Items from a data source
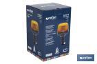 Luz led estacionaria destellante clase 1 de color naranja para soporte flexible y para conexión fija y desmontable. Esta luz tiene tres modos de iluminación: flash, flash doble y rotación, para satisfacer diferentes necesidades. Luz con 16 leds de 3 W de alta potencia en 20 watios con posibilidad de uso en 12 (coches y tractores) o 24 voltios (camiones y buses). La luz estacionaria naranja está equipada con conexión de alto rendimiento, debe colocarse en la parte alta del vehículo. Las luces intermitentes clase 1 tienen un papel de advertencia para avisar para reducir accidentes, como también la señalización de vehículos especiales en carreteras. Es adecuada para señalización en el techo de vehículos, camiones de bomberos, máquinas urbanas, barredoras, camiones, etc. Cuenta con protección IP66 y con homologación ECE R65, ECE R10, CE y RoHs (ECE R10 N.º: E9* 10R06/02*23684*00 y ECE R65 N.º: E9*65R00/11 *6973*00). La carcasa está hecha de material ABS duradero y es cristalina para aportar un brillo intenso. Medidas de 201 mm de altura total y 126 mm de ancho.
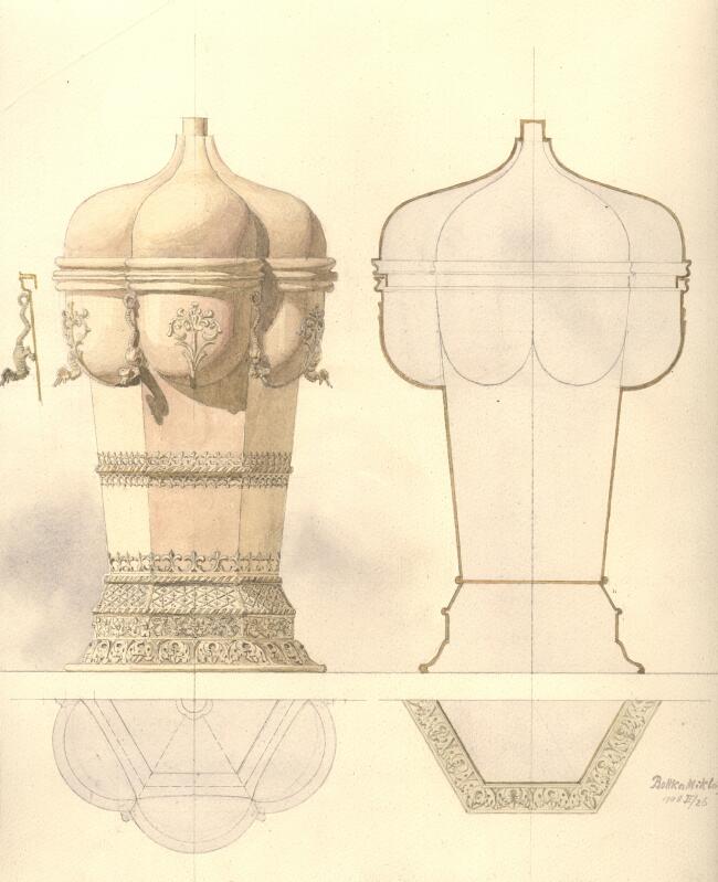91. Greisinger Ilona: Kerti dísztál terve, 1912 papír, akvarell, tus, 556 x 390 mm
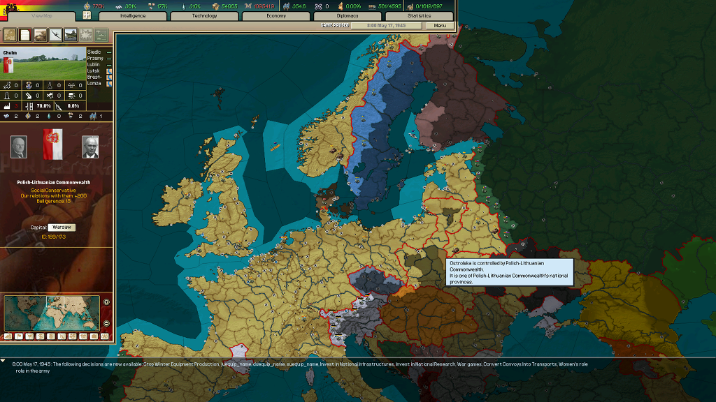 선전포고 직전에 폴란드-리투아니아에 쿠데타 일으켰는데 의외로 성공해서 동맹을 하나 줄였죠.
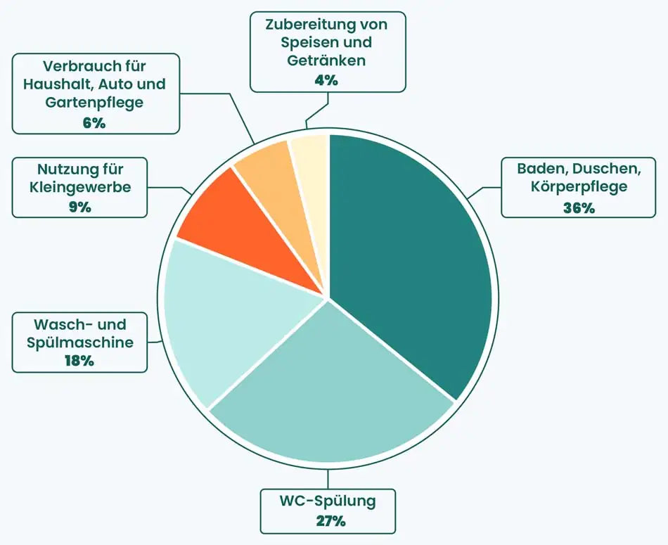 Laut Umweltbundesamt (2021) teilt sich unser täglicher Wasserbrauch von ca. 128 Liter pro Kopf wie folgt auf:
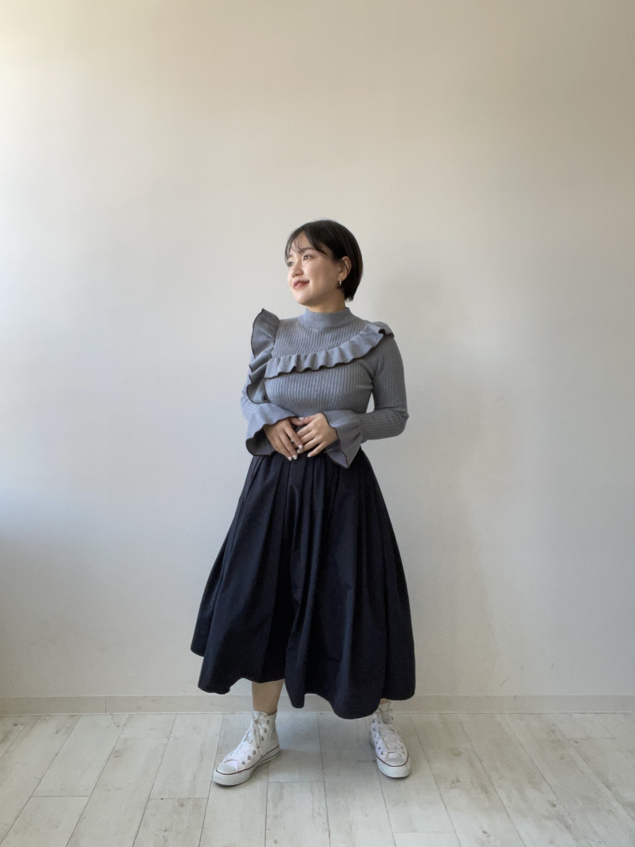 たっぷりと生地を使用したフリルニットはどこかクラシカルな印象も与えてくれます。
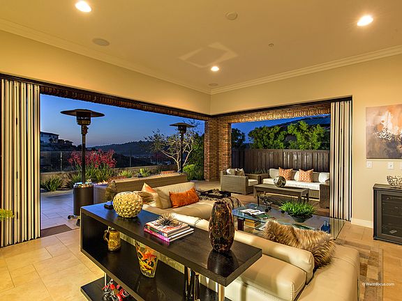 RARE Sandalwood CANYON RIM Plan2 home w/ UPGRADES WELL BEYOND BUILDERS MODEL HOME. Award winning Floor Plan w/ Accordion Doors that open ENTIRE Great Room to Covered Loggia & Rear Yard where you enjoy PANORAMIC CANYON VIEWS & BREEZES. Exquisitely upgraded w/ Dual Zone A/C, 7.2 Kw SOLAR, Walk-In Wine Cellar, Siberian Oak Hardwood, Spa Shower, Japanese Soaking Tub, Plantation Shutters, Drought Tolerant Landscape, BBQ Island, Outdoor Heater, Surround Sound & more! Located within Sandalwood, the premier neighborhood within Phase 2 of the sought after master planned community of La Costa Oaks this is a home not to be missed. Absolutely stunning in every way the owner chose nearly all the upgrades in the builders model home and kept going and going! Out front the low maintenance drought tolerant landscape always looks perfect. As you approach the front door you enter a cozy courtyard with Waterfall Fire pit feature. Impeccably maintained it looks brand new throughout! The entire first floor has 4 piece pattern Nuvolato tile floors that extend out to the Loggia and backyard hardscape creating a seamless transition from indoor to outdoor living. Once out back you can enjoy the best of Coastal North County Living with beautiful VIEWS accentuated by the glass wall view fence and cool breezes. The Gourmet Chefs Kitchen has an extra large island, Two Tone Cabinets, White Ice Granite, Bosch Stainless Steel appliances, top of the line Thermador Fridge, plentiful pantry space and a spacious breakfast nook. For the Wine Lover, the downstairs den has been converted into a Walk In Climate Controlled Wine Cellar designed by Vintage Cellars. Contemporary staircase with steel rods and espresso wood provides the perfect transition from the first floor to the second. The spacious master suite features a large balcony that is the perfect place to enjoy the VIEW. The upgraded master bath includes a freestanding Japanese soaking tub, Spa Shower (6 heads), his and her's walk-in closets & Calcutta Mist Marble Counters. Upstairs there are 2 additional bedrooms, a laundry room and a large loft that could easily be a 5th BR. Downstairs there is a private suite for your guests w/ full private bath and doors leading to the back patio. Homeowners in La Costa Oaks enjoy use of 2 community pools, a clubhouse with catering kitchen, workout room, trails and parks. Kids attend the highly acclaimed Encinitas Union and San Dieguito Union Schools. This is a truly rare opportunity and not to be missed. Come see it today before its gone!
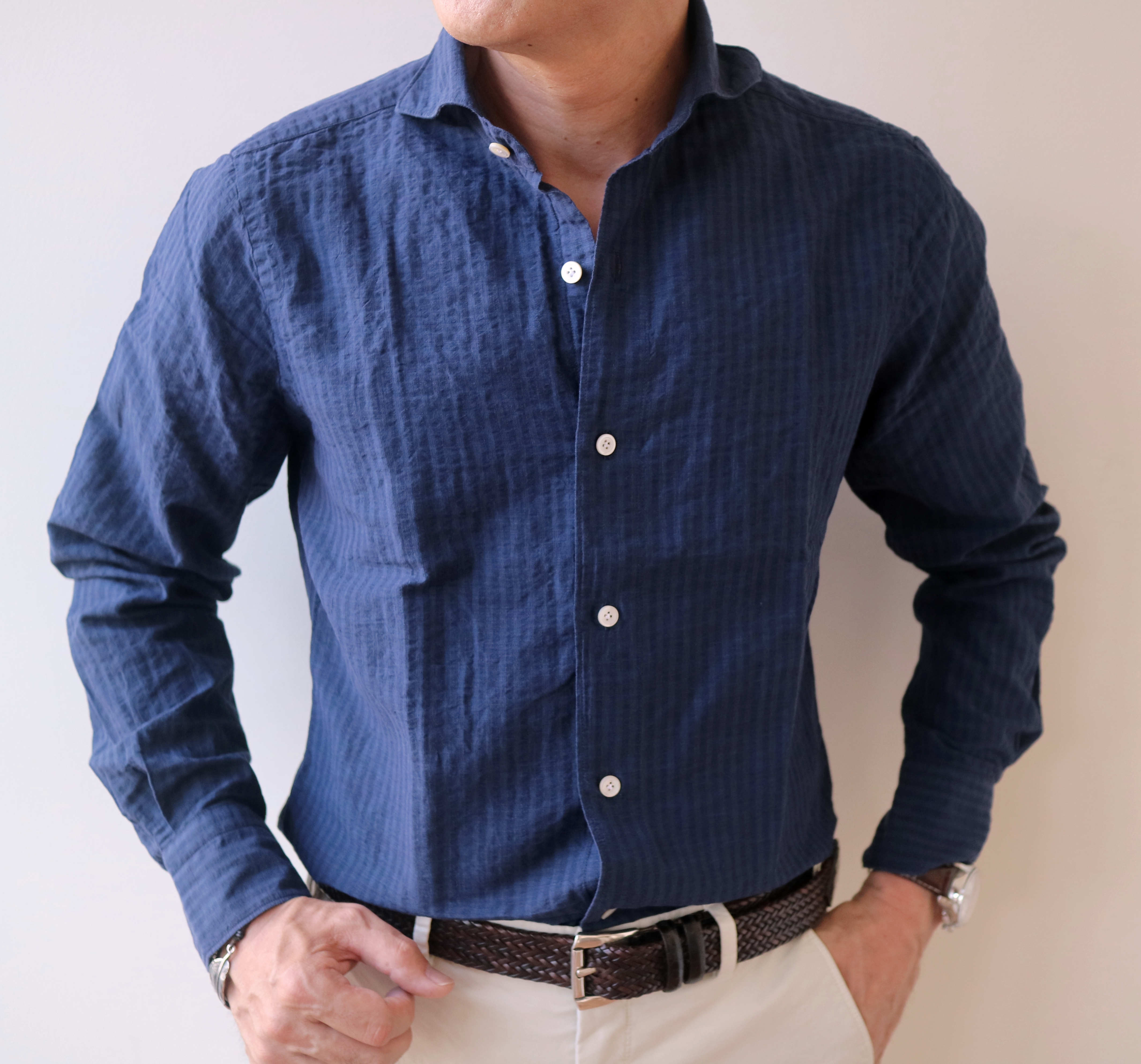 コットン70%にリネン30%と、リネンの混率が少なくても、あのドライなシャリ感は変わりません。リネンの特質は既に何度もご説明させていただいておりますので省略しますが、火照った体を冷やしてくれるには、リネンの力を借りるのが一番です。ネイビーにシャドーのストライプ柄が入り、凹凸感のある表情はシアサッカーにも似ています。もちろん、肩付け、釦付け、そしてガゼットの3箇所ハンドが軽い着心地をさらに加速させてくれます。

* **WORK TO BE COMPLETED**: The expected output is every line of the data, unchanged, with the pictures skipped.

* **ANSWER TO THE PROBLEM**:
 Luz led estacionaria destellante clase 1 de color naranja para soporte flexible y para conexión fija y desmontable. Esta luz tiene tres modos de iluminación: flash, flash doble y rotación, para satisfacer diferentes necesidades. Luz con 16 leds de 3 W de alta potencia en 20 watios con posibilidad de uso en 12 (coches y tractores) o 24 voltios (camiones y buses). La luz estacionaria naranja está equipada con conexión de alto rendimiento, debe colocarse en la parte alta del vehículo. Las luces intermitentes clase 1 tienen un papel de advertencia para avisar para reducir accidentes, como también la señalización de vehículos especiales en carreteras. Es adecuada para señalización en el techo de vehículos, camiones de bomberos, máquinas urbanas, barredoras, camiones, etc. Cuenta con protección IP66 y con homologación ECE R65, ECE R10, CE y RoHs (ECE R10 N.º: E9* 10R06/02*23684*00 y ECE R65 N.º: E9*65R00/11 *6973*00). La carcasa está hecha de material ABS duradero y es cristalina para aportar un brillo intenso. Medidas de 201 mm de altura total y 126 mm de ancho.
91. Greisinger Ilona: Kerti dísztál terve, 1912 papír, akvarell, tus, 556 x 390 mm
 선전포고 직전에 폴란드-리투아니아에 쿠데타 일으켰는데 의외로 성공해서 동맹을 하나 줄였죠.
 Laut Umweltbundesamt (2021) teilt sich unser täglicher Wasserbrauch von ca. 128 Liter pro Kopf wie folgt auf:
 たっぷりと生地を使用したフリルニットはどこかクラシカルな印象も与えてくれます。
 RARE Sandalwood CANYON RIM Plan2 home w/ UPGRADES WELL BEYOND BUILDERS MODEL HOME. Award winning Floor Plan w/ Accordion Doors that open ENTIRE Great Room to Covered Loggia & Rear Yard where you enjoy PANORAMIC CANYON VIEWS & BREEZES. Exquisitely upgraded w/ Dual Zone A/C, 7.2 Kw SOLAR, Walk-In Wine Cellar, Siberian Oak Hardwood, Spa Shower, Japanese Soaking Tub, Plantation Shutters, Drought Tolerant Landscape, BBQ Island, Outdoor Heater, Surround Sound & more! Located within Sandalwood, the premier neighborhood within Phase 2 of the sought after master planned community of La Costa Oaks this is a home not to be missed. Absolutely stunning in every way the owner chose nearly all the upgrades in the builders model home and kept going and going! Out front the low maintenance drought tolerant landscape always looks perfect. As you approach the front door you enter a cozy courtyard with Waterfall Fire pit feature. Impeccably maintained it looks brand new throughout! The entire first floor has 4 piece pattern Nuvolato tile floors that extend out to the Loggia and backyard hardscape creating a seamless transition from indoor to outdoor living. Once out back you can enjoy the best of Coastal North County Living with beautiful VIEWS accentuated by the glass wall view fence and cool breezes. The Gourmet Chefs Kitchen has an extra large island, Two Tone Cabinets, White Ice Granite, Bosch Stainless Steel appliances, top of the line Thermador Fridge, plentiful pantry space and a spacious breakfast nook. For the Wine Lover, the downstairs den has been converted into a Walk In Climate Controlled Wine Cellar designed by Vintage Cellars. Contemporary staircase with steel rods and espresso wood provides the perfect transition from the first floor to the second. The spacious master suite features a large balcony that is the perfect place to enjoy the VIEW. The upgraded master bath includes a freestanding Japanese soaking tub, Spa Shower (6 heads), his and her's walk-in closets & Calcutta Mist Marble Counters. Upstairs there are 2 additional bedrooms, a laundry room and a large loft that could easily be a 5th BR. Downstairs there is a private suite for your guests w/ full private bath and doors leading to the back patio. Homeowners in La Costa Oaks enjoy use of 2 community pools, a clubhouse with catering kitchen, workout room, trails and parks. Kids attend the highly acclaimed Encinitas Union and San Dieguito Union Schools. This is a truly rare opportunity and not to be missed. Come see it today before its gone!
 コットン70%にリネン30%と、リネンの混率が少なくても、あのドライなシャリ感は変わりません。リネンの特質は既に何度もご説明させていただいておりますので省略しますが、火照った体を冷やしてくれるには、リネンの力を借りるのが一番です。ネイビーにシャドーのストライプ柄が入り、凹凸感のある表情はシアサッカーにも似ています。もちろん、肩付け、釦付け、そしてガゼットの3箇所ハンドが軽い着心地をさらに加速させてくれます。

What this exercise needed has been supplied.